:: EXERCISE INSTRUCTIONS ::
Take the line with "Siguen los allanamientos" and every line after it in the entries below, and set them down exactly, without any pictures.

* * *

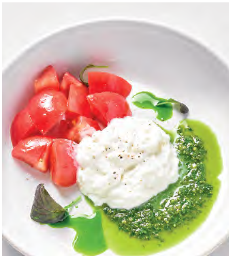
СТРАЧАТЕЛЛА С ТОМАТАМИ 980 / 200 г
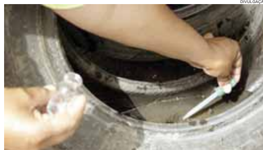
Cascavel já tem oito casos de dengue e mais da metade foi contraída em outras cidades

O resultado do 1º LIRAA (Levantamento de Índice Rápido de Infestação por Aedes Aegypti) apontou 6,8% de infestação em Cascavel. Para controlar a proliferação do Aedes, o Município organiza um mutirão que envolve todas as secretarias municipais e órgãos oficiais.
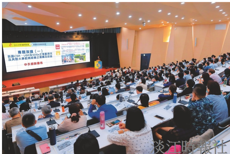
109學年度教學與行政革新研討會。
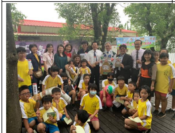
▲來賓與師生同樂合影
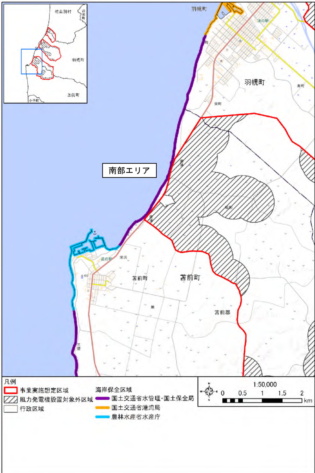
図 海岸保全区域の分布状況(詳細)(1/4)
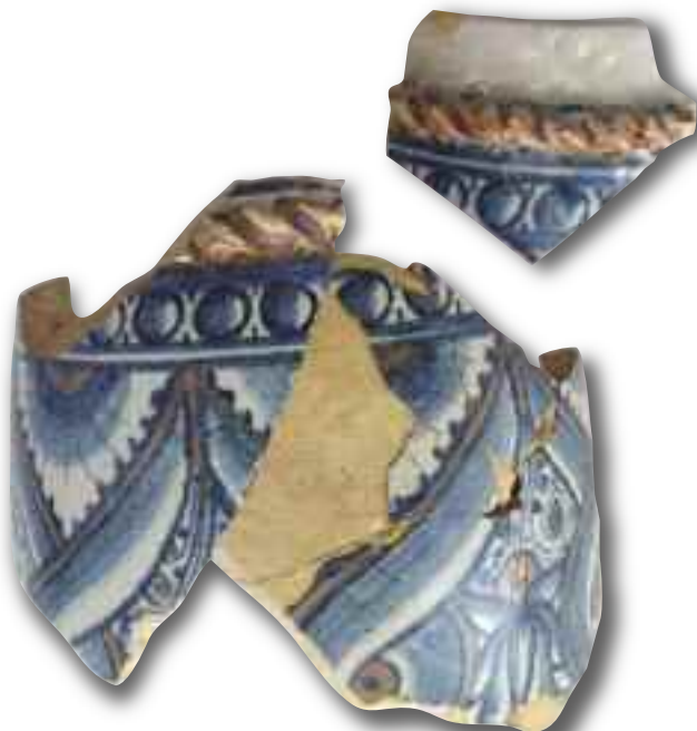
Tav. 1 - Faenza, fine sec. XV. Frammento di albarello; Istituto per le Industrie Artistiche, Urbino.

nosa ascrivibile alla produzione a lustro valenziana della fine del XV secolo con decoro fitomorfo stilizzato e trigramma bernardiniano al centro del cavetto (fig. 1). Prodotti di importazione spagnola di questa tipologia erano molto apprezzati dalle corti e dalle nobili famiglie del rinascimento e sporadici ritrovamenti ne attestano una certa diffusione sul territorio italiano, specie meridionale. Indicativo è l'esemplare di piattello lustrato prodotto a Manises nella seconda metà del sec. XV con stemma della famiglia Agostini di Fabriano 7 (tav. 4). Anche nel contesto urbinato si sono avuti riscontri simili sia tra i materiali di Palazzo Ducale che in quelli di Santa Chiara ma per
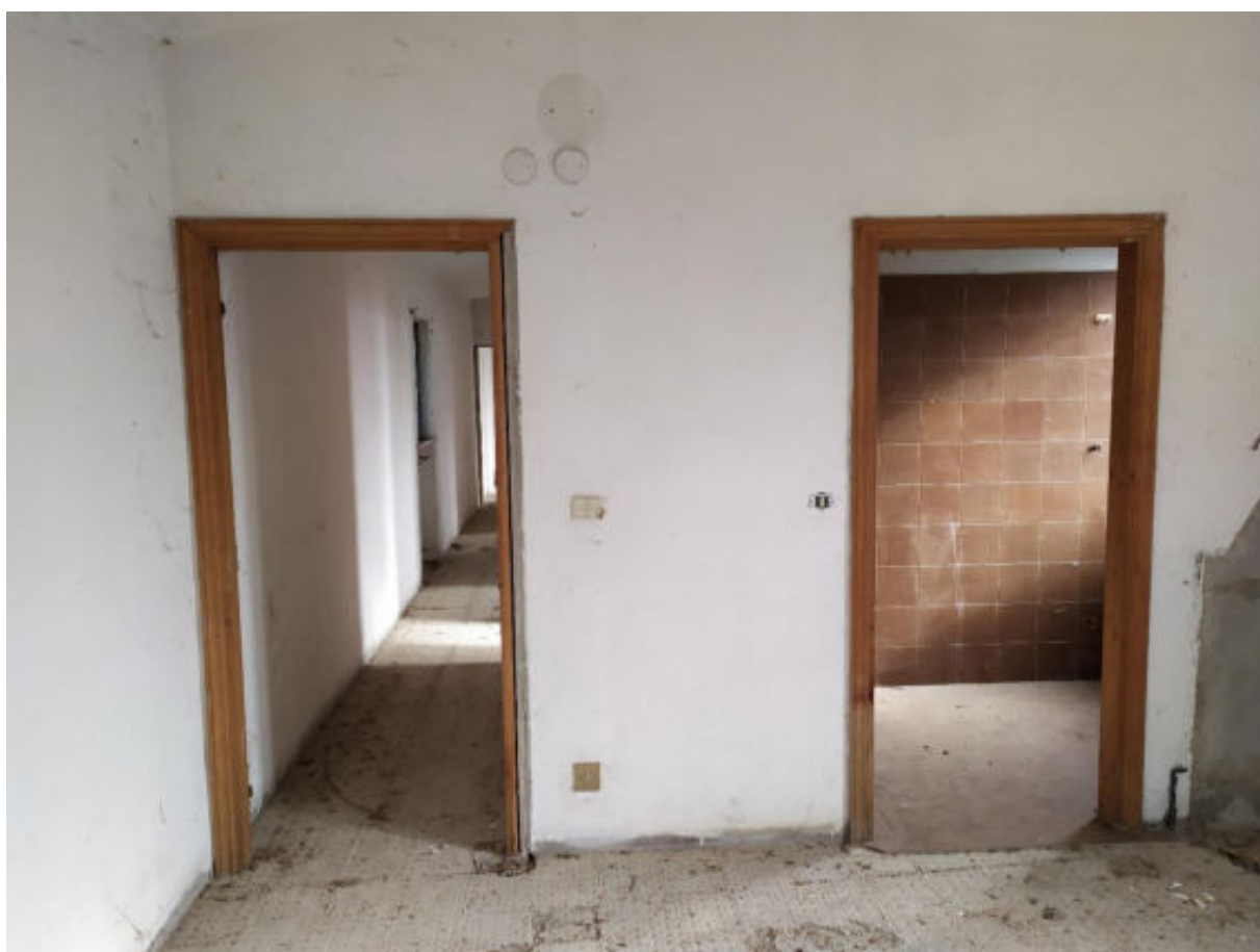
Foto 6 – Vista dall’ingresso-soggiorno-pranzo verso accesso cucinino (Dx) e corridoio (Sx)
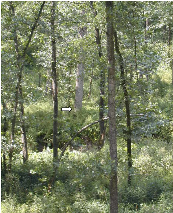
Zur Erhöhung des Totholzanteiles wurde ein Drittel der Hybridpappeln im August 2000 geringelt.
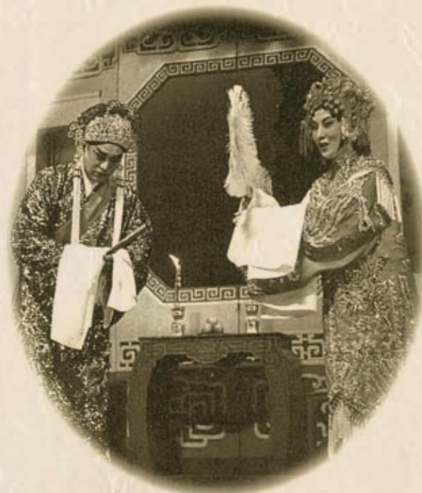
著名演員張活游先生和梅綺小姐合演《柳毅傳書之洞房》（1959年）
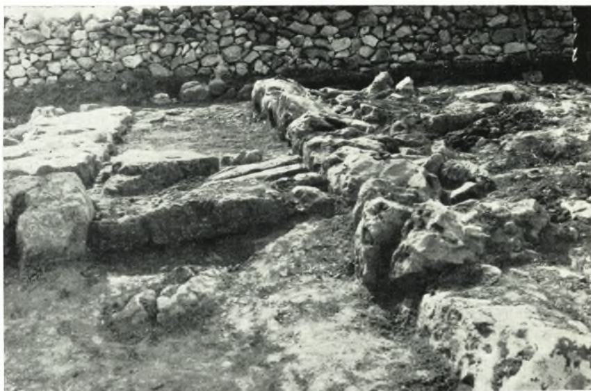
α. Διάδρομος ΥΜ Ι οικίας παρά τὸ Γάζι.
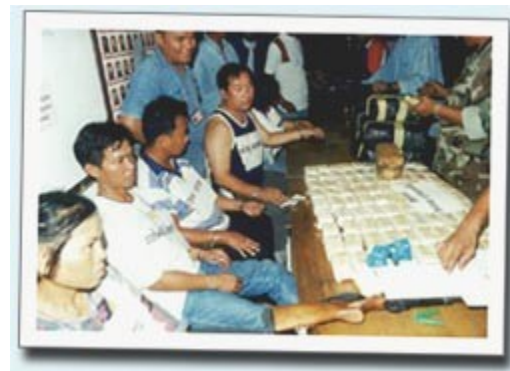
เจ้าหน้าที่ตำรวจตรวจนับของกลางที่ยึดได้
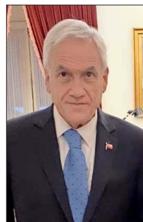
El expresidente Sebastián Piñera .
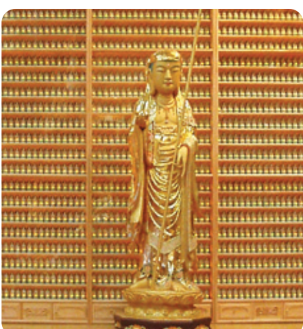
마산 금강정토사 LED 인등
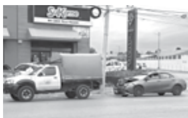
EL CHOQUE se suscitó en el distribuidor vial de Tancol.

Ambas unidades circulaban de norte a sur y cuando bajaban ese
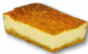
Sernik czysty pyszny domowy sernik na kruchym cięście
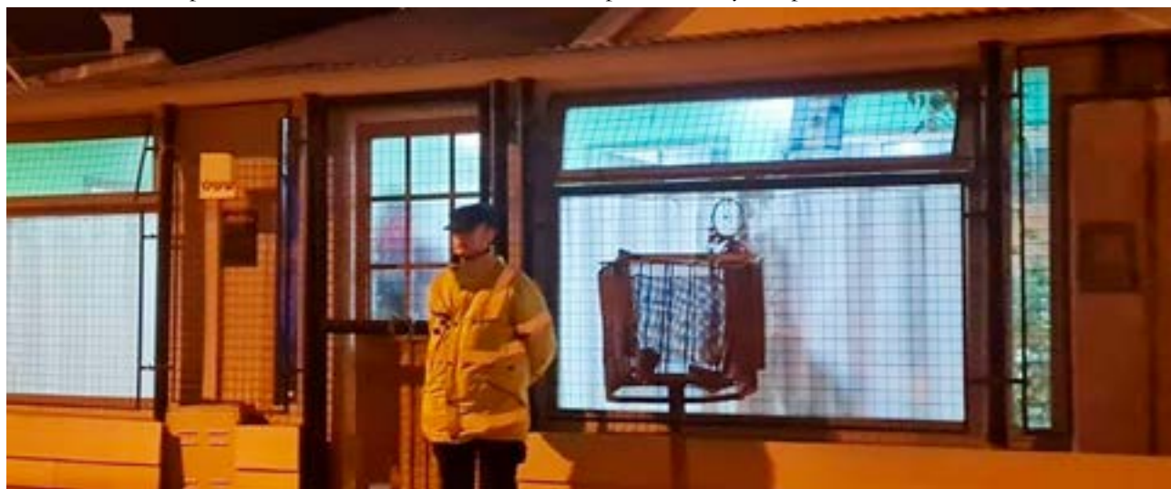
Siguen los allanamientos por las amenazas de bombas en escuelas. Esta vez secuestraron el celular de un chico de 17 años.

ubicada en calle Caleta La Misión al 600, con el objeto de proceder al secuestro de un celular y requisar personal de sus ocupantes. Finalmente, la medida arrojó resultado positivo procediéndose al decomiso del dispositivo celular de interés, propiedad de un menor de 17 años, asimismo se procedió a la fehaciente identificación de las personas mayores presentes en el domicilio.
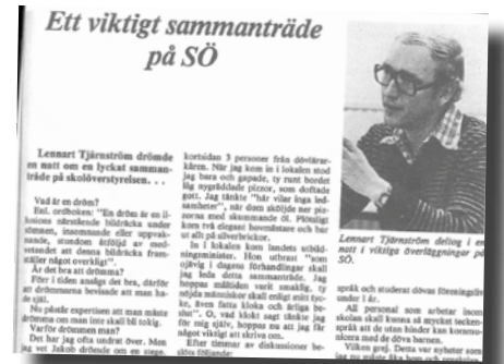
Ur SDR-Kontakt 1978.
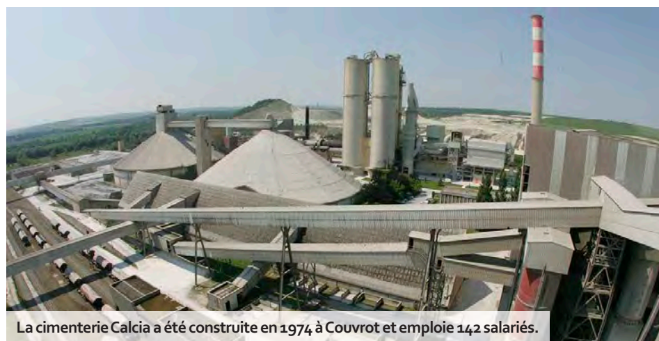
La cimenterie Calcia a été construite en 1974 à Couvrot et emploie 142 salariés.

L'usine de la cimenterie Calcia, à Couvrot, date de 1974. Elle a été bâtie sur les fondations d'un ancien site construit en 1912 et placée en 2016 sous le giron du groupe allemand Heidelberg Materials. Ce jeudi 14 septembre marquait le 9 e jour consécutif de grève des salariés. « 106 suivent le mouvement sur 142, précisent les délégués CGT du personnel. La production est à l'arrêt, faute de main-d'œuvre pour faire fonctionner le four, qui reste notre principal outil de travail. On a modifié le préavis mardi pour passer en durée illimitée. Et on sera sans aucun doute encore en grève la semaine prochaine. On ne nous laisse pas le choix. » En cause, un climat social interne que les représentants jugent « délétère » et l'absence de dialogue avec la direction. « Ils ont un comportement d'un autre siècle et nous traitent comme du bétail, dénoncent les porte-paroles. Ils nous envoient tous les jours un huissier pour faire constater

* * *

:: SOLUTION TO THE PROBLEM ::
Siguen los allanamientos por las amenazas de bombas en escuelas. Esta vez secuestraron el celular de un chico de 17 años.

ubicada en calle Caleta La Misión al 600, con el objeto de proceder al secuestro de un celular y requisar personal de sus ocupantes. Finalmente, la medida arrojó resultado positivo procediéndose al decomiso del dispositivo celular de interés, propiedad de un menor de 17 años, asimismo se procedió a la fehaciente identificación de las personas mayores presentes en el domicilio.
Ur SDR-Kontakt 1978.
La cimenterie Calcia a été construite en 1974 à Couvrot et emploie 142 salariés.

L'usine de la cimenterie Calcia, à Couvrot, date de 1974. Elle a été bâtie sur les fondations d'un ancien site construit en 1912 et placée en 2016 sous le giron du groupe allemand Heidelberg Materials. Ce jeudi 14 septembre marquait le 9 e jour consécutif de grève des salariés. « 106 suivent le mouvement sur 142, précisent les délégués CGT du personnel. La production est à l'arrêt, faute de main-d'œuvre pour faire fonctionner le four, qui reste notre principal outil de travail. On a modifié le préavis mardi pour passer en durée illimitée. Et on sera sans aucun doute encore en grève la semaine prochaine. On ne nous laisse pas le choix. » En cause, un climat social interne que les représentants jugent « délétère » et l'absence de dialogue avec la direction. « Ils ont un comportement d'un autre siècle et nous traitent comme du bétail, dénoncent les porte-paroles. Ils nous envoient tous les jours un huissier pour faire constater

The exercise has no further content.